Preparation of Chitosan-Alginate Nanoparticles for Trans-cinnamaldehyde Entrapment.


PMID 26375302

Abstract

Trans-cinnamaldehyde incorporated chitosan-alginate nanoparticles were synthesized using the ionic gelation and polyelectrolyte complexation technique. Alginate, chitosan, calcium chloride, and trans-cinnamaldehyde at predetermined concentrations were complexed electrostatically to optimize particle size and loading efficiency. A final methodology using optimized processing parameters (for example, stirring time, homogenization time, equilibration time, and droplet size) was developed. The best working alginate to chitosan mass ratio was determined to be 1.5:1 at a pH dispersion of 4.7. Particle size (166.26 nm) and encapsulation efficiency (73.24%) were further optimized at this mass ratio using an alginate:calcium chloride mass ratio of 4.8:1, alginate:trans-cinnamaldehyde mass ratio of 37.5:1, a 18 gauge syringe needle, stirring times of 90 min, 15 min of homogenization at 21000 rpm, and equilibration time of 24 h.
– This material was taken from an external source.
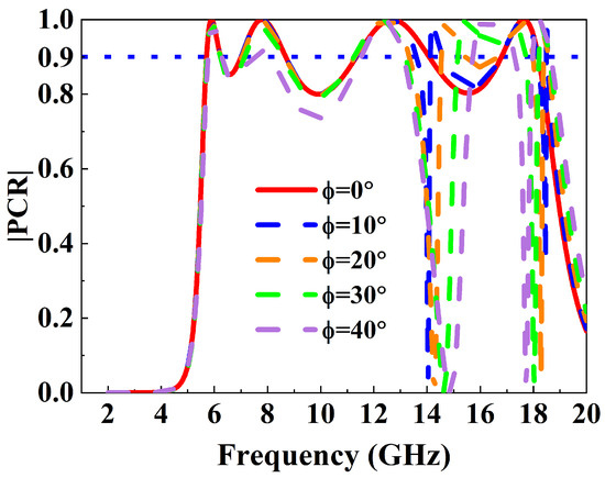 To evaluate the practical applicability of the proposed metasurface, we simulated its PCR under oblique incidence angles ranging from 0° to 40° in Figure 8. The results indicate that the metasurface exhibits excellent angular stability in the frequency ranges of 5.5 to 15 GHz and 16 to 17.5 GHz, while it is highly sensitive to the incident angle in the ranges of 13 to 15 GHz and 17.5 to 18.1 GHz. Specifically, the PCR decreases rapidly as the incident angle increases. Clearly, the designed metasurface shows good angular stability in the C-band and X-band. At higher frequencies within the Ku-band, the metasurface performance becomes more sensitive to the incident angle. This degradation mainly results from stronger impedance mismatch between the incident wave and the metasurface, as well as weaker coupling between adjacent unit cells. At larger oblique angles, higher-order resonant and surface modes are excited, which disturb the stable surface current distribution responsible for polarization conversion. In addition, as increases, the projection of the incident electric field on the metasurface plane becomes smaller, reducing the effective excitation of cross-polarized components. These combined effects lead to the reduced polarization conversion efficiency at large incidence angles. Clearly, for stable operation in the higher-frequency Ku-band, more precise control of the incident angle is required.
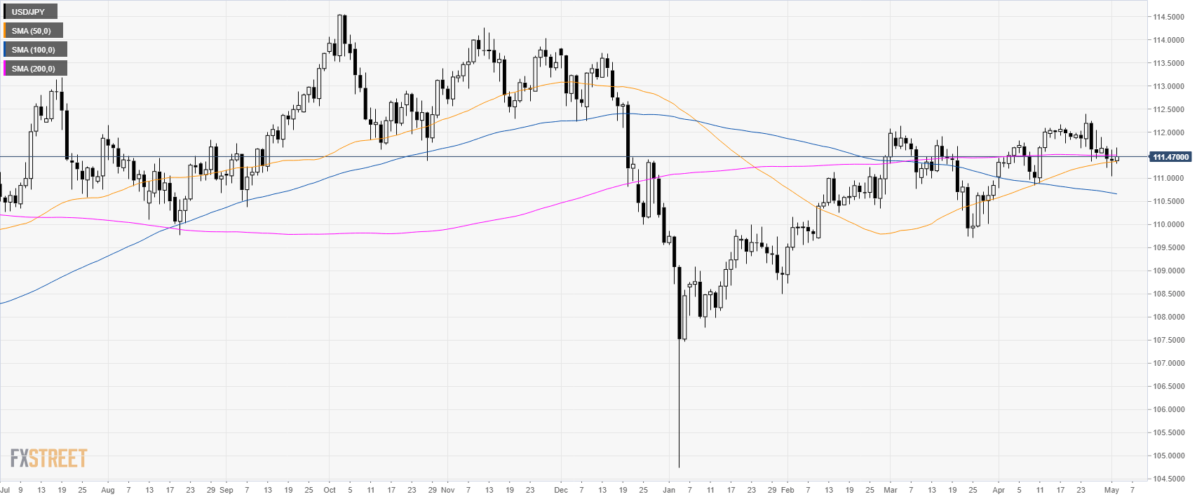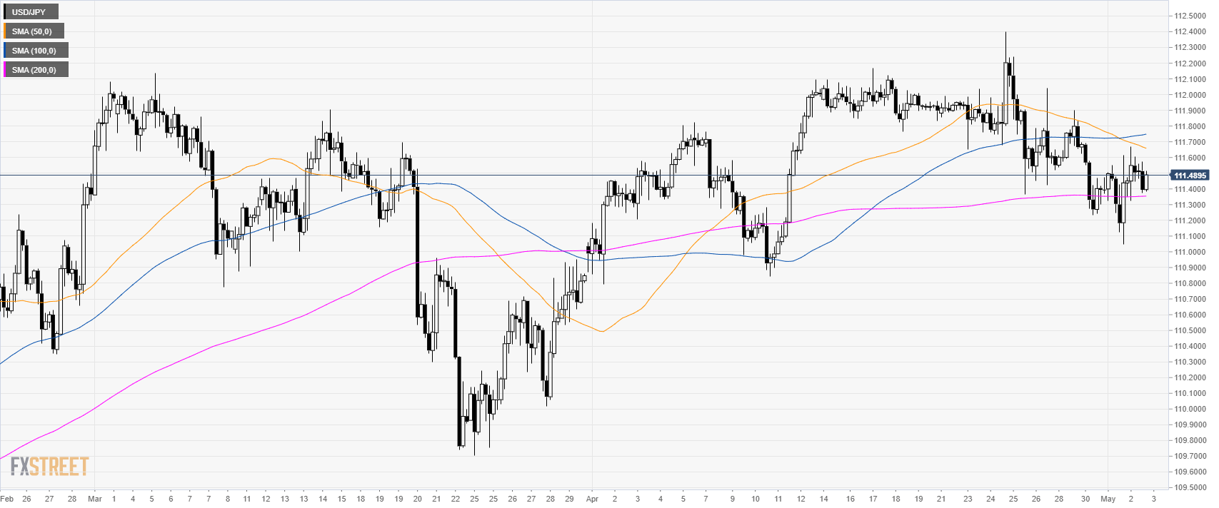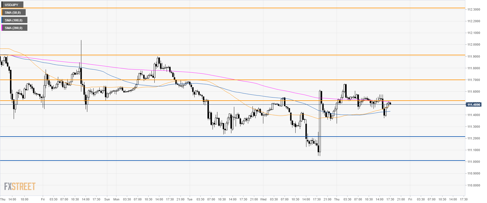 - USD/JPY is trading above its 50 and 100 SMA while the market is challenging 111.50 and the 200 SMA.

Optimized nanoparticles showed increased stability (6 wk) and translucency in solution. The final radical scavenging effect of loaded particles in apple juice was 62% and trans-cinnamaldehyde was just as available to react in free form as it was in inclusion complexes. The final nanoparticle system with modified and optimized processing parameters reduced the size by 43.6% and increased entrapment efficiency by 17.2%. Nanoparticles resembled a spherical shell and core type arrangement (that is, spherical, distinct, and regular) and were in the size range of 10 to 100 nm. Nanoencapsulation of lipophilic antimicrobial and antioxidant compounds has the potential to improve their effectiveness and efficiency of delivery in food systems. Determining a standard nanoparticle synthesis methodology and optimizing entrapment efficiency and particle size prior to characterization studies allows for improved understanding of nanosystems and substantiates results. This study demonstrates the potential to improve current nanoparticle preparation techniques to fine tune critical physical parameters. The results presented in this study can aid in developing new and simple ways to improve nanoparticle formulations and prompt further studies to validate entrapment of lipophilic compounds combinations.